資料4

開発課題名「新規近赤外蛍光団の開発と実用的蛍光プローブの創製」

(平成27年度採択:最先端研究基盤領域 要素技術タイプ)

チームリーダー :  花岡 健二郎【東京大学 大学院薬学系研究科 准教授】
中核機関 :  東京大学
参画機関 : 
T.開発の概要
 本課題では、新規な近赤外蛍光団及び近赤外蛍光プローブを開発することで、生命科学や分析化学など幅広い基礎科学研究において有用となる蛍光試薬(蛍光プローブ)を提供することを目指す。特に650 nmから900 nmの近赤外領域の光は、低い自家蛍光や高い生体組織透過性など多くの利点があり、近年、マルチカラーイメージングにおける新たなカラーウィンドウとしても期待されている。本課題において開発する蛍光団は、これまでに汎用されてきた近赤外蛍光団であるシアニン色素と比較しても多くの優位性があり、国内外への大きな波及効果が期待される。
U.中間評価における評価項目
(1)新規蛍光団の合成法の確立
 新規蛍光団非対称Siローダミン類の合成ルートの最適化を図り、さまざまな蛍光性誘導体を10個以上合成し、中間目標を達成した。
(2)各種近赤外蛍光プローブの開発
 6種のpH感受性誘導体を合成し、細胞内酸性オルガネラ測定に適した近赤外レシオ 型pH蛍光プローブの開発に成功した。

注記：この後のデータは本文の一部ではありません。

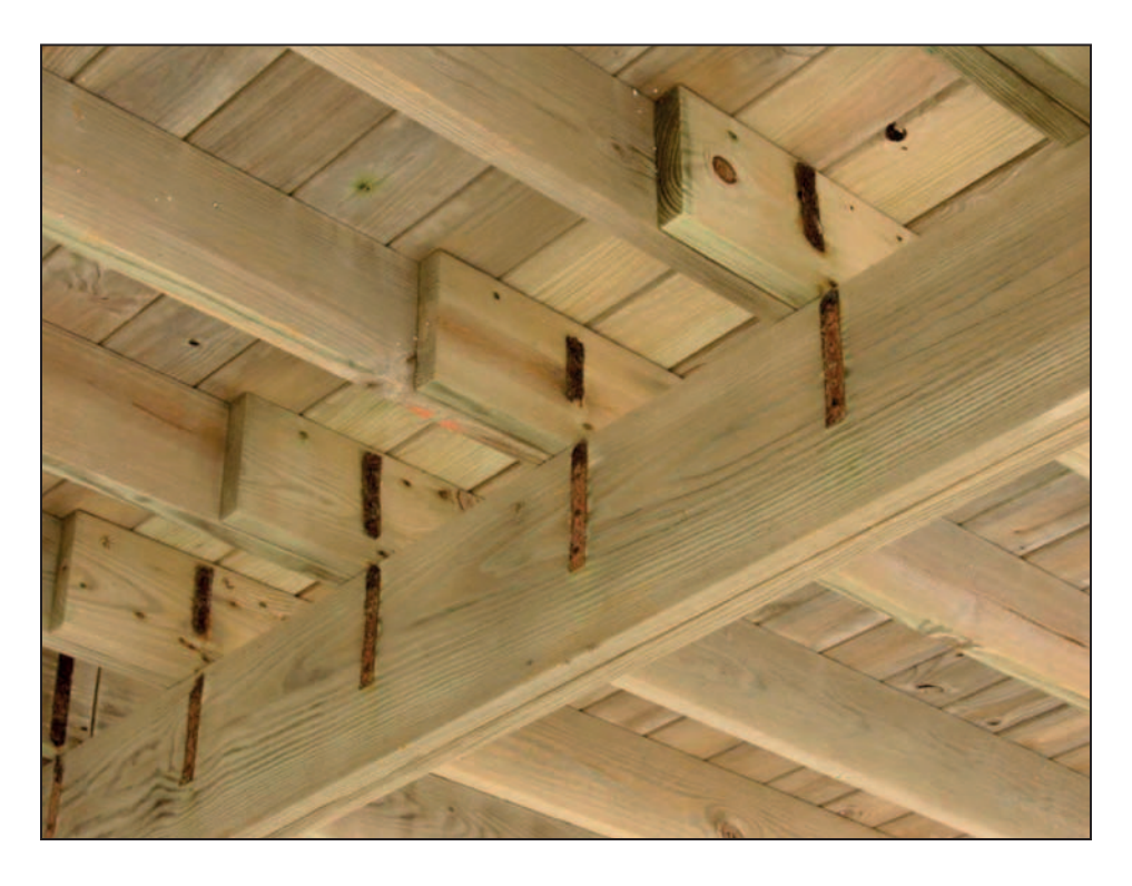
Figure 14-3. Severely corroded deck connectors

Using corrosion-prone sheet metal connectors increases maintenance requirements and potentially compromises structural integrity.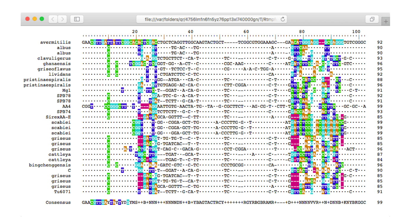
Figure 2: Amplicon with the target site for each primer colored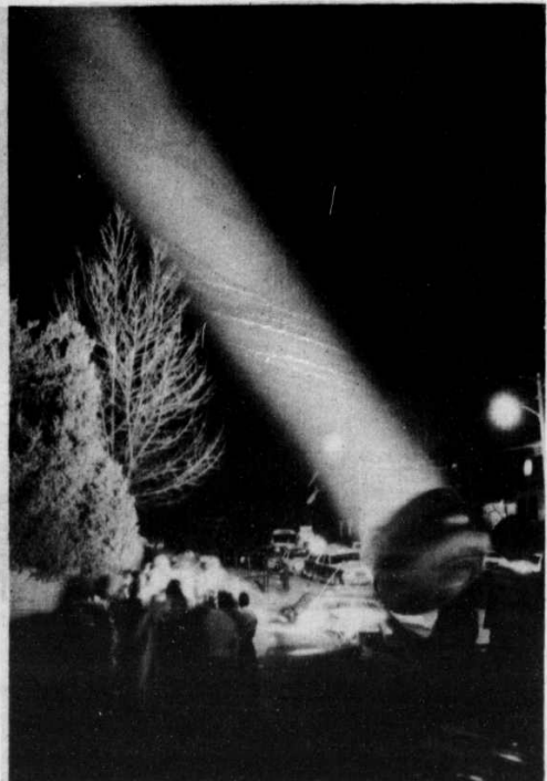
One of the two searchlights which will mark the location of this year's ball.

After disembarking, Fancy Dress goers may choose to venture down the EC hallway through an alleyway decorated with bricks, trashcans and a fire escape to recreate a scene from the Broadway smash "Westside Story." Mr. F.D.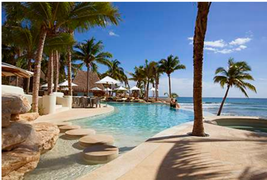
Las Olas Pool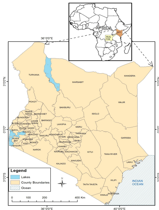
Figure 2: Geographical Map of Kenya showing the Study Area

This study was carried in Kenya. Kenya is located in the continent of Africa. Kenya lies across the equator and is found in the eastern coast part of Africa. Maps of World indicate that Kenya’s latitude and longitude lie between 0.0236° S and 37.9062° E (KNBS, 2010; Gisore, 2021). The map in Figure 2 below shows the geographical area covered by the study.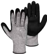
DIPPED GLOVES CUT 5 NITRILE GLOVES

SIZE 7/S, 8/M, 9/L, 10/XL CODE GL-CUT5WRNI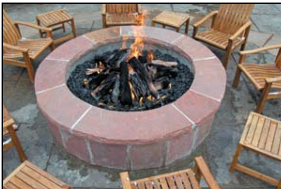
(Above) Fire Pit shown using Bluestone Flagstone.

Chimineas took off in 2005/2006. Manufactured Fire Pits are the craze of 2007. But for the true outdoorsman, custom made, hand-crafted fire pits are safer, more functional and have the natural beauty that fit perfectly in any space. Both 42" Round & Square pits (shown here) are available only at Sturgis.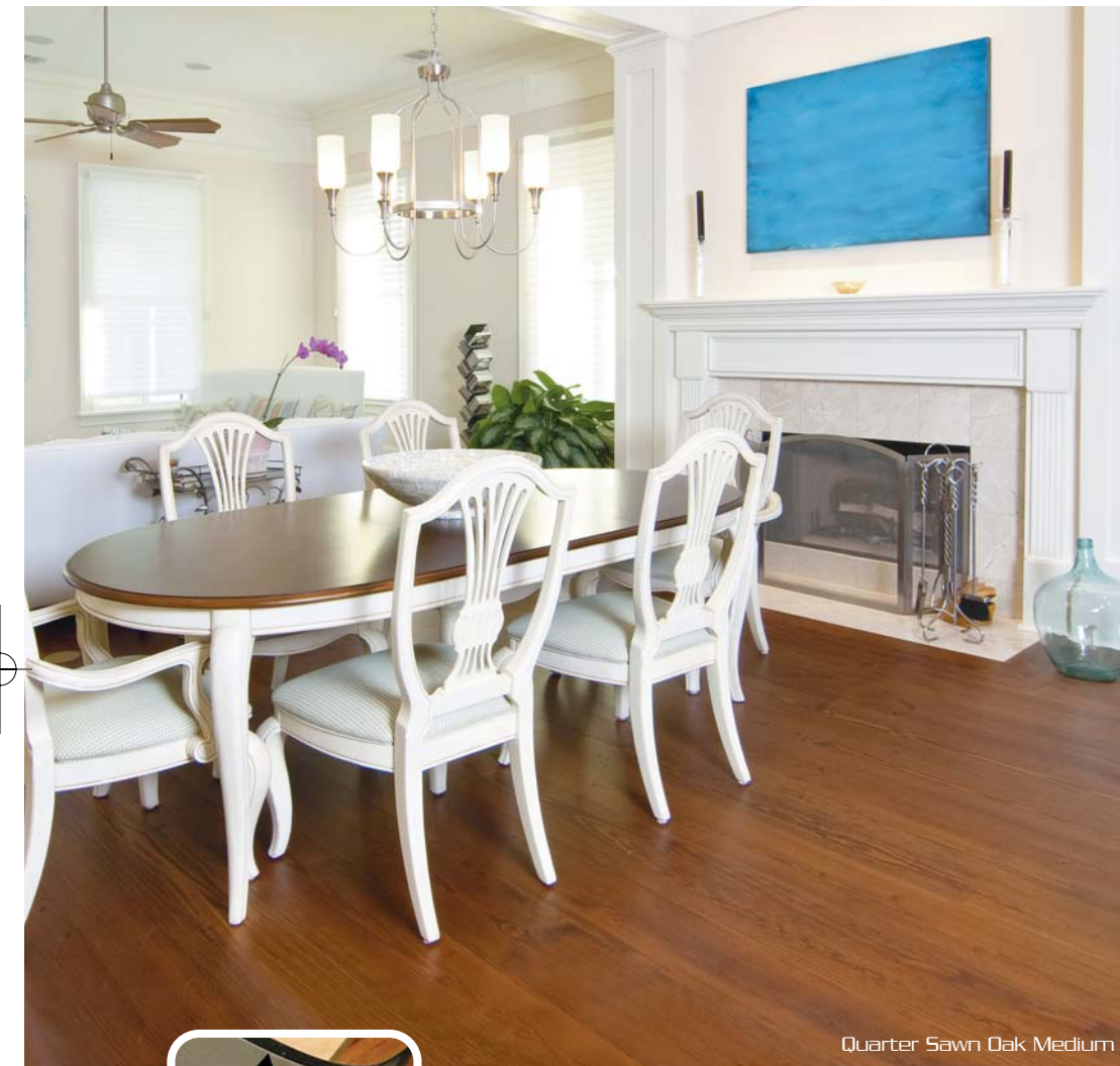
Quarter Sawn Oak Medium

Even while opening up the frontiers of creative design, Allure has always stayed true to its roots, with an expanding selection of natural wood look floors. The Traditional collection features beautiful oaks and chestnuts alongside classic walnut and cherry. Sensible, realistic, and environmentally wise, in this ever-changing world, Allure Traditional is a graceful means of keeping one's feet firmly planted on the ground.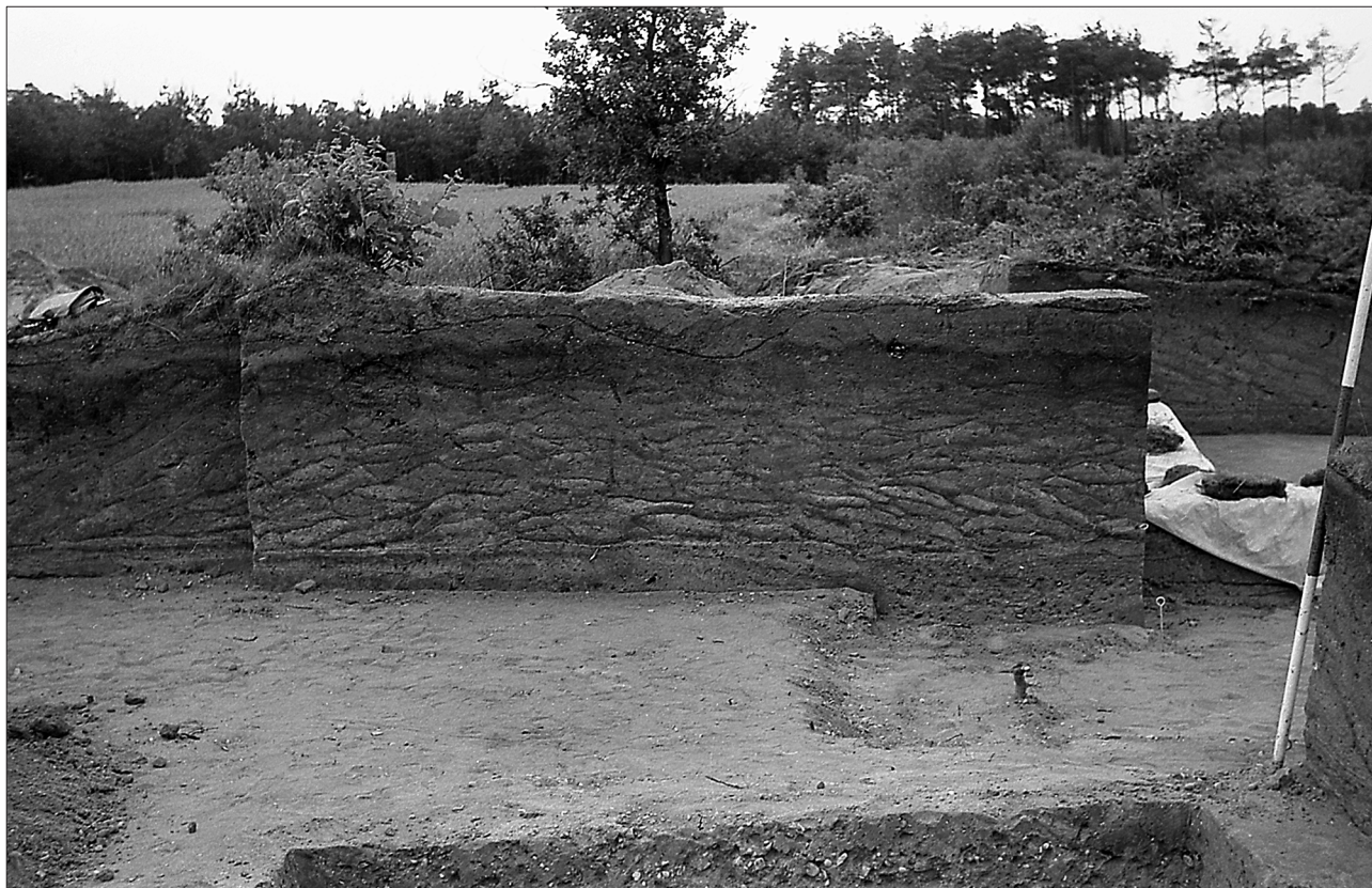
Fig. 2. Burial mound from the Middle Bronze Age on mineralogically poor cover sand in Alphen (North Brabant, South Netherlands). Both the original soil profile and the sods in the mound itself show clear characteristics of podzolization (humic podzol) (Collection Cultural Heritage Agency, Amersfoort).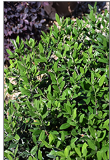
Little Ollie&reg Dwarf Olive foliage

Little Ollie&reg Dwarf Olive makes a fine choice for the outdoor landscape, but it is also well-suited for use in outdoor pots and containers. With its upright habit of growth, it is best suited for use as a 'thriller' in the 'spiller-thriller-filler' container combination; plant it near the center of the pot, surrounded by smaller plants and those that spill over the edges. It is even sizeable enough that it can be grown alone in a suitable container. Note that when grown in a container, it may not perform exactly as indicated on the tag - this is to be expected. Also note that when growing plants in outdoor containers and baskets, they may require more frequent waterings than they would in the yard or garden. Be aware that in our climate, this plant may be too tender to survive the winter if left outdoors in a container. Contact our experts for more information on how to protect it over the winter months.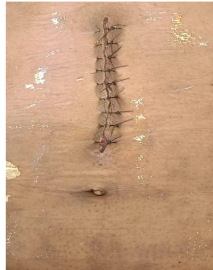
Fig 6 and 7: Surgically retrieved image of Chinese Kencheoda mobile phone; 4 cm upper midline laparotomy post skin closure wound.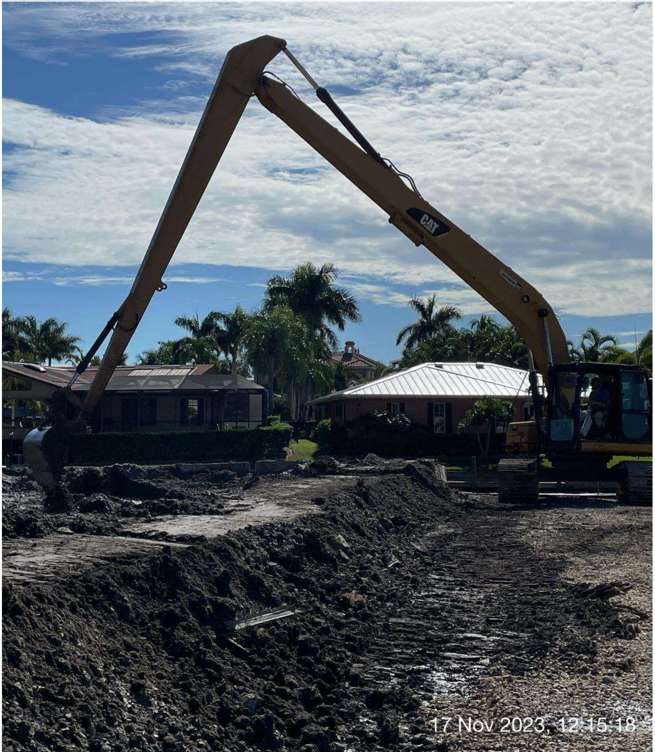
Long reach excavator spreading sediment onto staging area.

☉ 196°S (T) ☉ 26°8'14"N, 81°47'16"W ±13ft ▲ 12ft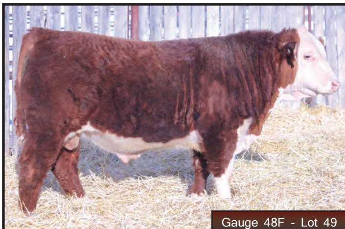
Gauge 48F - Lot 49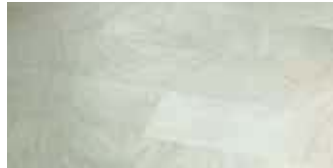
St. Mark's Wood End Grain TS6STMWE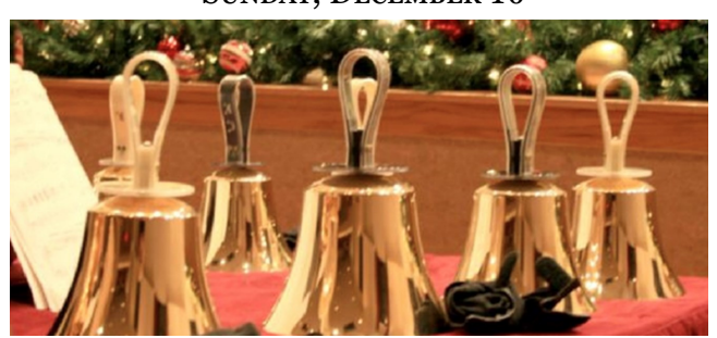
Christmas Worship with the Handbell Choir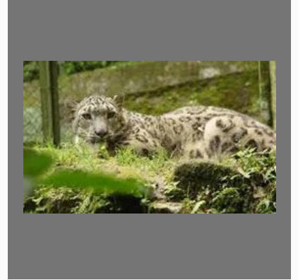
9D - 8HN Shimla Manali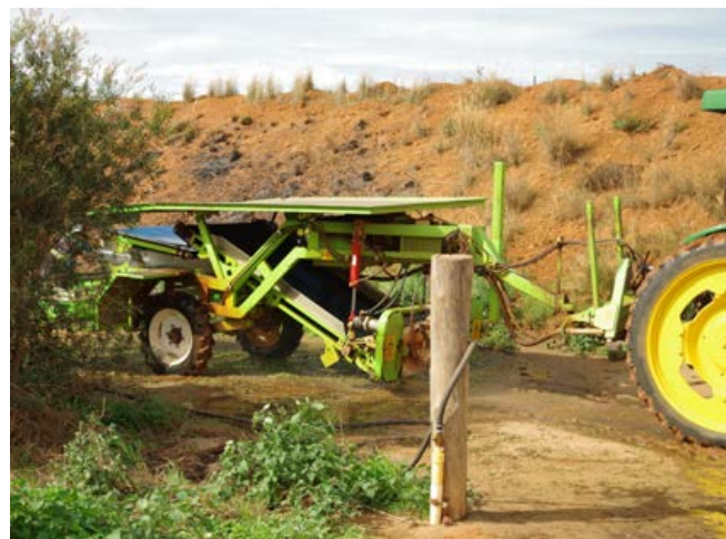
Figure 12 Establishing a fixed equipment wash-down bay can help restrict the spread of nutgrass on the farm, particularly where it is not present at all or only present on part of the farm.

Farm hygiene may be less relevant for managing nutgrass where it has already spread across the farm. Farm hygiene also requires considerable time to wash equipment down thoroughly.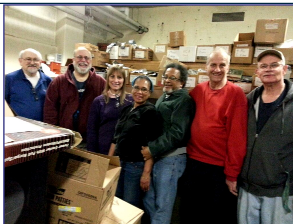
Some attendees of Westchester PC-Renew gathered to clean out the lab in preparation for the upcoming move to a new location. Club members are being asked to help find a suitable site to relocate this worthwhile workshop. Send suggestions to debmeisels@gmail.com .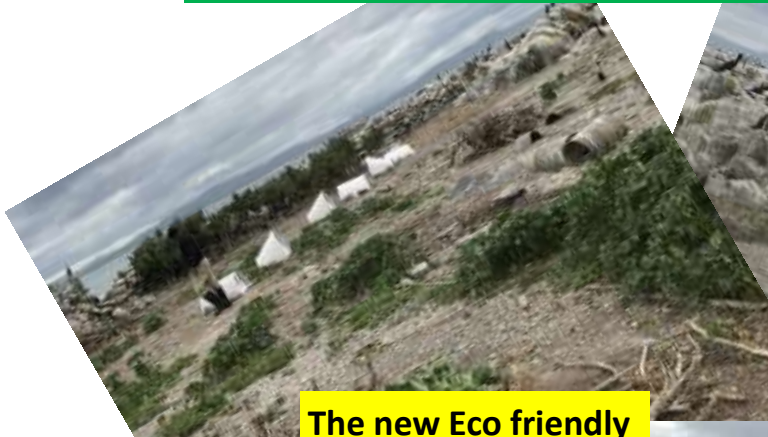
The new Eco friendly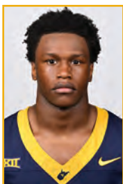
RB, 5-10, 191, So. Iowa Central CC Harrisburg, Pa.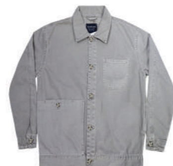
MEN'S DENIM SHIRT TWP&B-05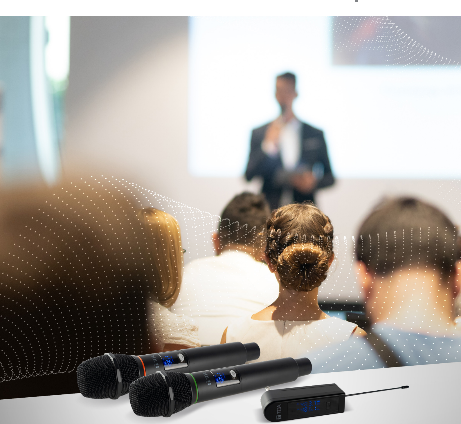
Clear Sound, Easy Setup, Rechargeable Battery Perfect for Every Space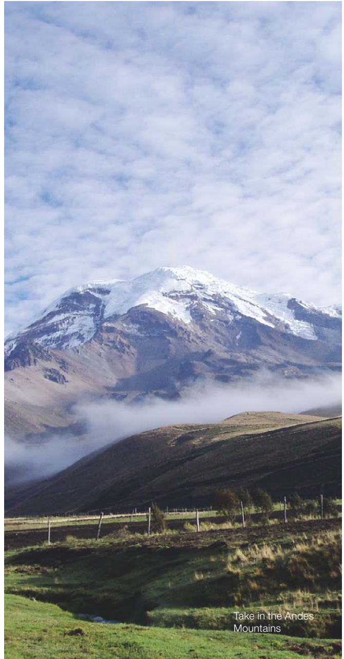
Take in the Andes Mountains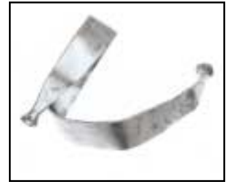
(Fig.4) West Wight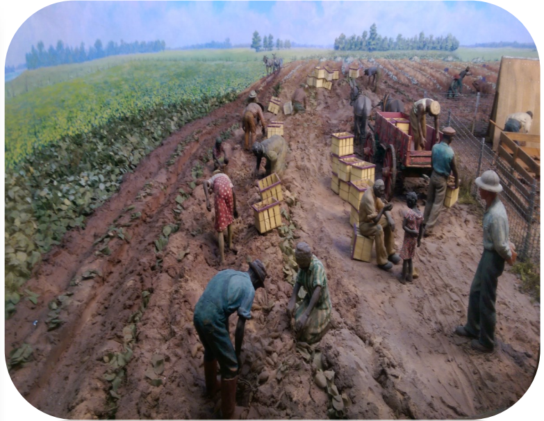
SSS Students visit Louisiana State Museum and ArtSpace for Cultural Events

また、赤色カルシウム蛍光プローブの水溶性向上に向けた構造改良を行い、市販品レベルの蛍光プローブを開発し、3種の生物応用(脳神経細胞の発火時のCa2+変動、エストラジオール刺激ヒト乳癌由来細胞のCa2+振動、ヒスタミン刺激HeLa細胞のCa2+振動)を実施し、中間目標を上回った
(3)その他
 平成28年度に「蛍光消光団を用いた新たなタグペプチドと蛍光プローブのペアの開発」を目的とした新規テーマを、埼玉大学と共同で新たに立ち上げた。
V.評 価
 生体深部のイメージングに使える近赤外蛍光プローブを開発し、生命科学や分析化学等の研究に活用しようとする課題である。開発は順調に進捗し、中間評価時点の数値目標は全て十二分に達成している。さらに一部開発を前倒しして、開発した蛍光分子の市販化につながる研究成果を挙げ、国際特許出願も行っている。
 今後は、製品化戦略を早期に構築し、データの蓄積、ユーザーからのフィードバックによる汎用性・信頼性の向上を図るとともに、実用化に向けた企業との取り組みを積極的に推進すべきである。[S]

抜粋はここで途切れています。